**TASK DETAILS:**
From the line containing "泊頭市利諾工量具有限公司加工" through the last line of the material, copy every line exactly, both ends inclusive; do not copy pictures.

**DATA EXCERPT:**
- Opening Delimiter -
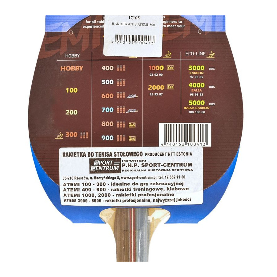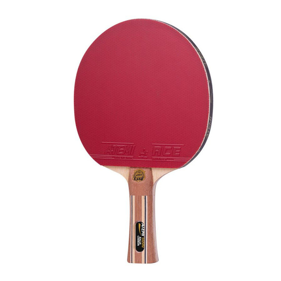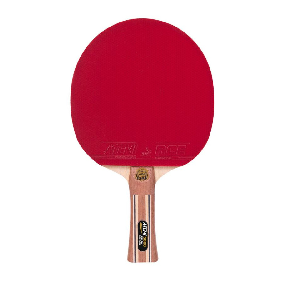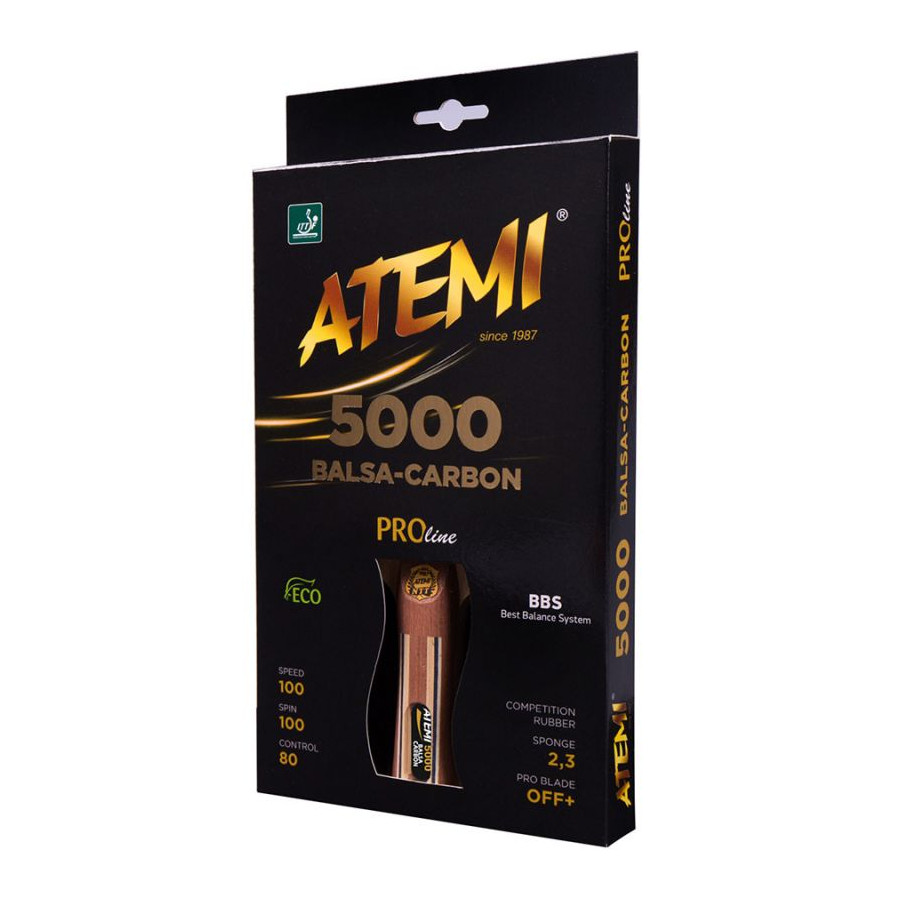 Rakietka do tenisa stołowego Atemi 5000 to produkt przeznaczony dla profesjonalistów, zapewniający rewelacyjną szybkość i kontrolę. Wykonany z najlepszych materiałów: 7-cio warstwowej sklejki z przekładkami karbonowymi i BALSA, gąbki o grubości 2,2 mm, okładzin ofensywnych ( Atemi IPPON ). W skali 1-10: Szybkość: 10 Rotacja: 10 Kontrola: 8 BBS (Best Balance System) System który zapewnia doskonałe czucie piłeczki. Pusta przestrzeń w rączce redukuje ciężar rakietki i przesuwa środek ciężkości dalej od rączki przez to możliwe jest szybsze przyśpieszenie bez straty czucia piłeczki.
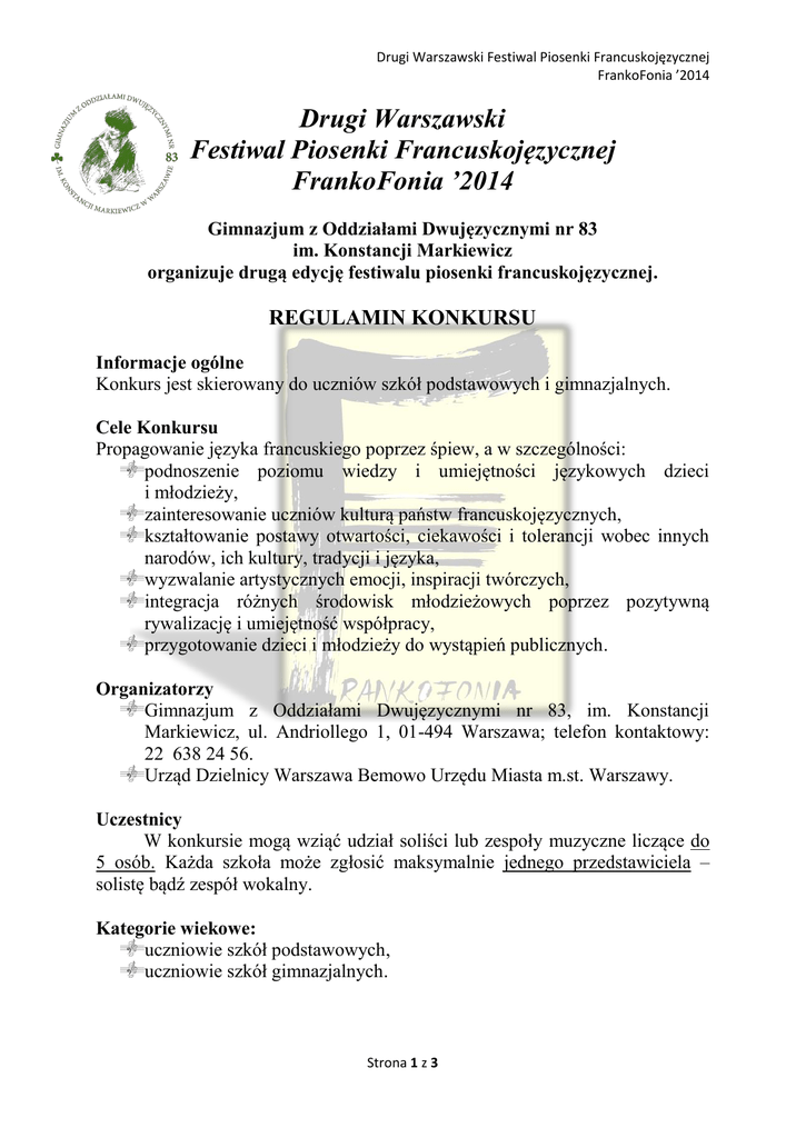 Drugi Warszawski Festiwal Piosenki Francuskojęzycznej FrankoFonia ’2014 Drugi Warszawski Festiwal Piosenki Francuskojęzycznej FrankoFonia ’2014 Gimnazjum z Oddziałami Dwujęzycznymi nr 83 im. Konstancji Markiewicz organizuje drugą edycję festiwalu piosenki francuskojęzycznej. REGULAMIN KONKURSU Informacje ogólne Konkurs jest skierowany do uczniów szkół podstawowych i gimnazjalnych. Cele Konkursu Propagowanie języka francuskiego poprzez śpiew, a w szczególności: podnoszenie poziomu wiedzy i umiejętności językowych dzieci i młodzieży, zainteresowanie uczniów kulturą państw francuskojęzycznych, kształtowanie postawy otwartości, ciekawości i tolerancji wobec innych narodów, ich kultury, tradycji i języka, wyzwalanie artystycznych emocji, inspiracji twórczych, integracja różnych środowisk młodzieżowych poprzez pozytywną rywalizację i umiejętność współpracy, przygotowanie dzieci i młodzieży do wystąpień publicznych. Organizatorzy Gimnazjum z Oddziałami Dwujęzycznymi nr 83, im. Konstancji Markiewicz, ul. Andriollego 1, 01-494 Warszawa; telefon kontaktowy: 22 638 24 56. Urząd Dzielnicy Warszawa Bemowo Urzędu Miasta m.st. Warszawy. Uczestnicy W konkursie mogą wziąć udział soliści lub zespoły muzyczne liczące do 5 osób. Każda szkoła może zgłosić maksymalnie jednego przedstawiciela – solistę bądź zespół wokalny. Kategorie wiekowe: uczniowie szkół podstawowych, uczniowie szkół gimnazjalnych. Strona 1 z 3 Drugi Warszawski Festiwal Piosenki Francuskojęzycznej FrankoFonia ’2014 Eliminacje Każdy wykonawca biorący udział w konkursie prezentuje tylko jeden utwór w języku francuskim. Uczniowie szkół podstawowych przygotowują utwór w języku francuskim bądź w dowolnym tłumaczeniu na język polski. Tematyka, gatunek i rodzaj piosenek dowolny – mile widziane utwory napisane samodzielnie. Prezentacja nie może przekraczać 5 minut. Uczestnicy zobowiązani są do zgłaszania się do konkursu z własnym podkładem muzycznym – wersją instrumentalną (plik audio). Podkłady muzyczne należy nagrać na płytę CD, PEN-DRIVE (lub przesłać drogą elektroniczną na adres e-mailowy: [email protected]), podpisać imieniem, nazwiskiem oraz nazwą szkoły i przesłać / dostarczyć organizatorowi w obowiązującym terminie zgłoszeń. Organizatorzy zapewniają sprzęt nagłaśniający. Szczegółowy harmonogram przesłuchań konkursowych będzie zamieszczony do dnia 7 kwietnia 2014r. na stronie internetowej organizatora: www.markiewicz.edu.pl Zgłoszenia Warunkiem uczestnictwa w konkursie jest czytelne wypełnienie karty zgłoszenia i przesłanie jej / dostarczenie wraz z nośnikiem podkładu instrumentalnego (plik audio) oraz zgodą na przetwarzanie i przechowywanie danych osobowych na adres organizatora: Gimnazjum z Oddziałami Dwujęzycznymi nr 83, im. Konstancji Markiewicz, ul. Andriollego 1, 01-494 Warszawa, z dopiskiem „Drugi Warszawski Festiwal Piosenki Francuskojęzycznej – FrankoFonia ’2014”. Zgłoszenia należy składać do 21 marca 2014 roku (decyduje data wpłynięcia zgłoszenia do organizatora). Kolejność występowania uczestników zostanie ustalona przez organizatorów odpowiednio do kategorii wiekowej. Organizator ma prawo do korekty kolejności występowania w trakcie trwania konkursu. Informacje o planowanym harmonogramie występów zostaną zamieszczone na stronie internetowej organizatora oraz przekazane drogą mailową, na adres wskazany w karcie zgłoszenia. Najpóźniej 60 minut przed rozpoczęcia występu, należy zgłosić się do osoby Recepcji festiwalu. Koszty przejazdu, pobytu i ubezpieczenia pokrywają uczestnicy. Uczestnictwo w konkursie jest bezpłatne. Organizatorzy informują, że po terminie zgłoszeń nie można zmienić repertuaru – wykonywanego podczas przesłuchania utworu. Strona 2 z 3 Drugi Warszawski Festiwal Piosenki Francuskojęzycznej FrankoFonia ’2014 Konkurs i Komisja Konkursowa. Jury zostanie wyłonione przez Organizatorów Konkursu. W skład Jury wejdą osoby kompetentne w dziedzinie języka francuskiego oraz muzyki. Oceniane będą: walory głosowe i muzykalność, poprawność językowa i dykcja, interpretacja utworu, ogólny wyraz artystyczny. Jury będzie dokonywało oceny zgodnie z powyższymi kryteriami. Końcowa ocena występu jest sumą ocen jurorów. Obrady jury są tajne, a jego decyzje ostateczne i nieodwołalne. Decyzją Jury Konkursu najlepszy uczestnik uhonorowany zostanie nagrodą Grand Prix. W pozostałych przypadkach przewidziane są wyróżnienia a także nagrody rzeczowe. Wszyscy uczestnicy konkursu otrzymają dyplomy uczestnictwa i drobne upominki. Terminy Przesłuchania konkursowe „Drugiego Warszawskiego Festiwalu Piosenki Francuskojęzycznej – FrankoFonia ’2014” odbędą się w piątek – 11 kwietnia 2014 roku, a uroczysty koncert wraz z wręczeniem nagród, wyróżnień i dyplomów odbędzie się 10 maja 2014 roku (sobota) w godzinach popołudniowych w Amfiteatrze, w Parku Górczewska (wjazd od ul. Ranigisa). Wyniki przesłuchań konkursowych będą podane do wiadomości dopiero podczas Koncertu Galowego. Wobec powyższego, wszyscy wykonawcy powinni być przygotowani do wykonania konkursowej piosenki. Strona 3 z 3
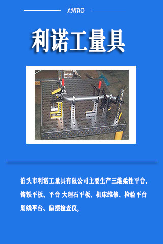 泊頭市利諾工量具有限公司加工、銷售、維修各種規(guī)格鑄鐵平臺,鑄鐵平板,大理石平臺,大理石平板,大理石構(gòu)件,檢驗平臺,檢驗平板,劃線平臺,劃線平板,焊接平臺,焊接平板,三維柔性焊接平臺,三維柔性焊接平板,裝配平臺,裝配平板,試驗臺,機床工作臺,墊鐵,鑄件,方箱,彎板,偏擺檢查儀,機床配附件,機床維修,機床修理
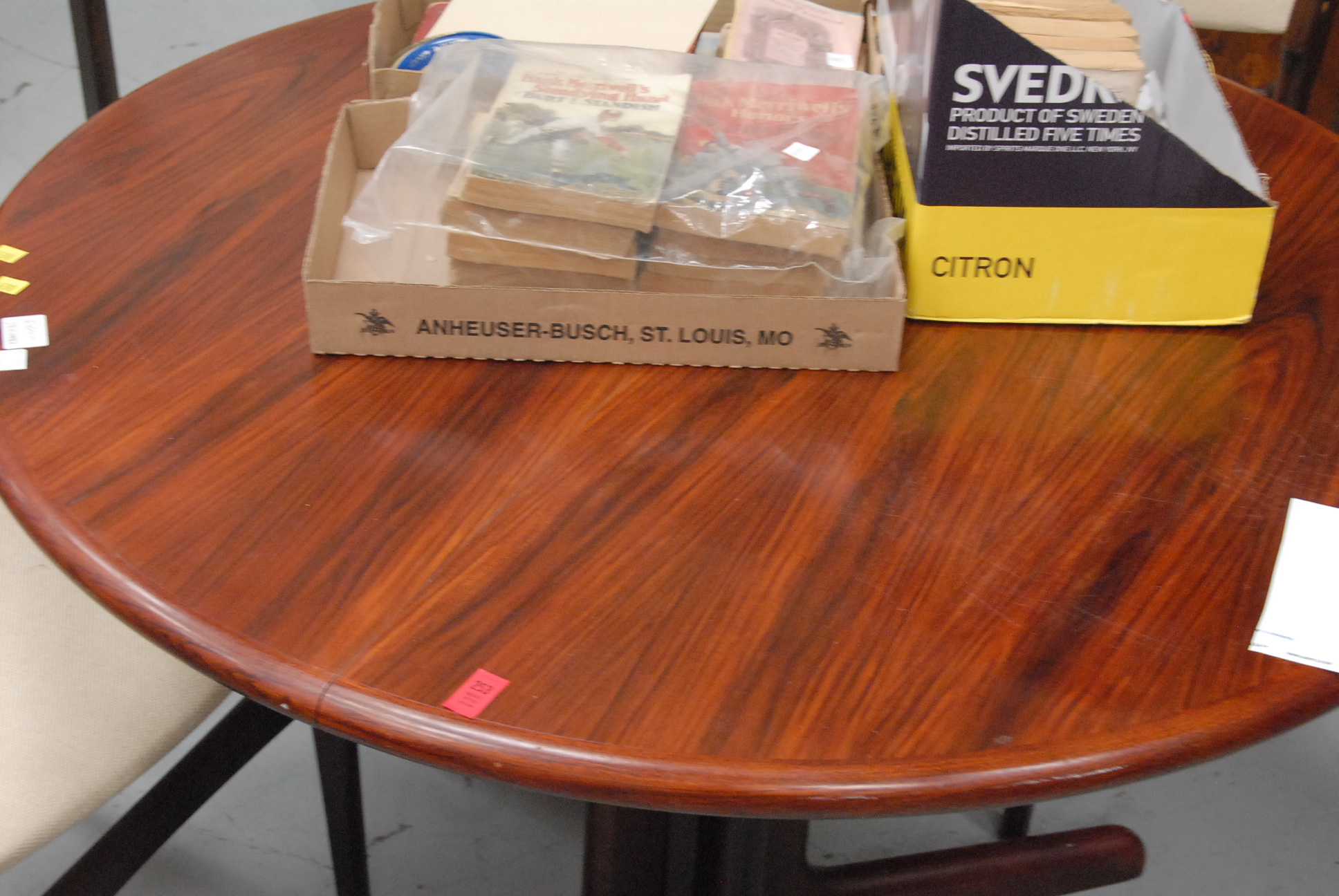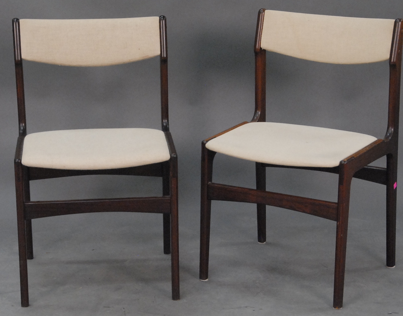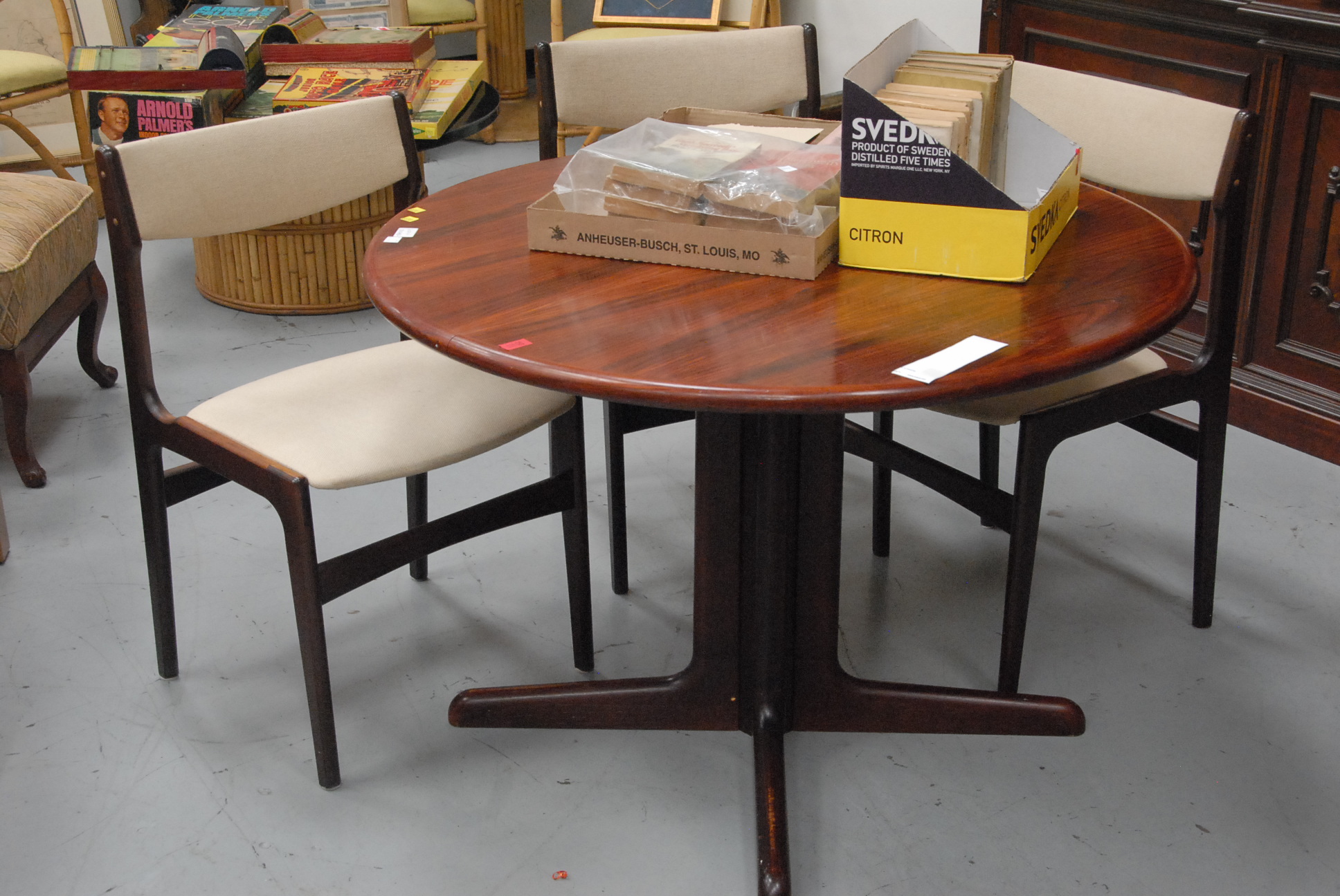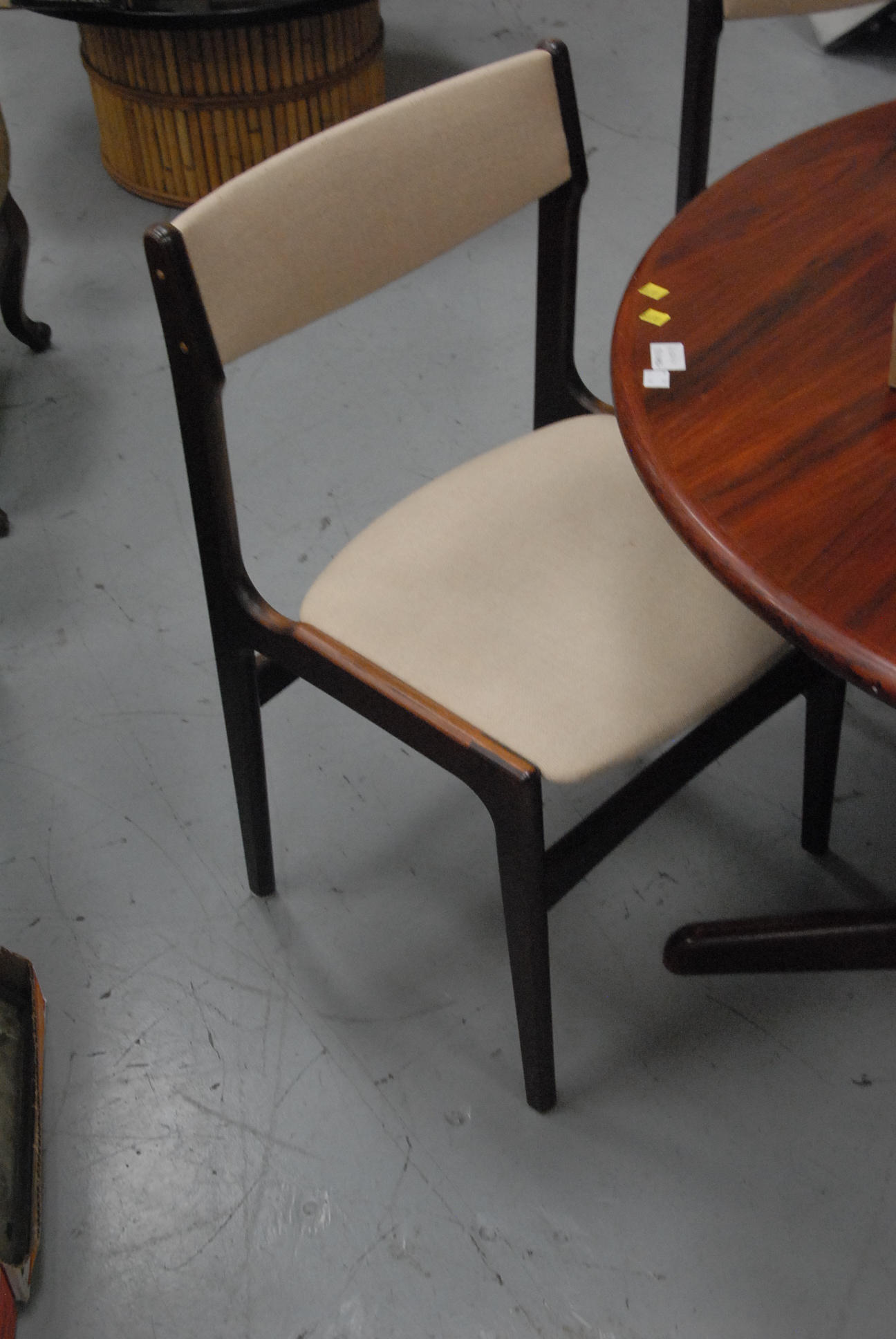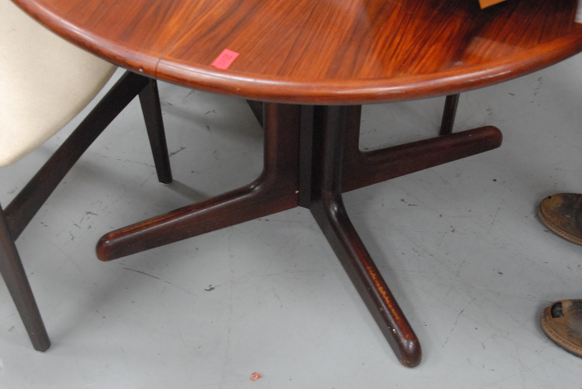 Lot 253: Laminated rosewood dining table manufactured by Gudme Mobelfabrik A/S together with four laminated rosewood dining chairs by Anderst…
- Closing Delimiter -
**SOLUTION TO THIS EXERCISE:**
 泊頭市利諾工量具有限公司加工、銷售、維修各種規(guī)格鑄鐵平臺,鑄鐵平板,大理石平臺,大理石平板,大理石構(gòu)件,檢驗平臺,檢驗平板,劃線平臺,劃線平板,焊接平臺,焊接平板,三維柔性焊接平臺,三維柔性焊接平板,裝配平臺,裝配平板,試驗臺,機床工作臺,墊鐵,鑄件,方箱,彎板,偏擺檢查儀,機床配附件,機床維修,機床修理
 Lot 253: Laminated rosewood dining table manufactured by Gudme Mobelfabrik A/S together with four laminated rosewood dining chairs by Anderst…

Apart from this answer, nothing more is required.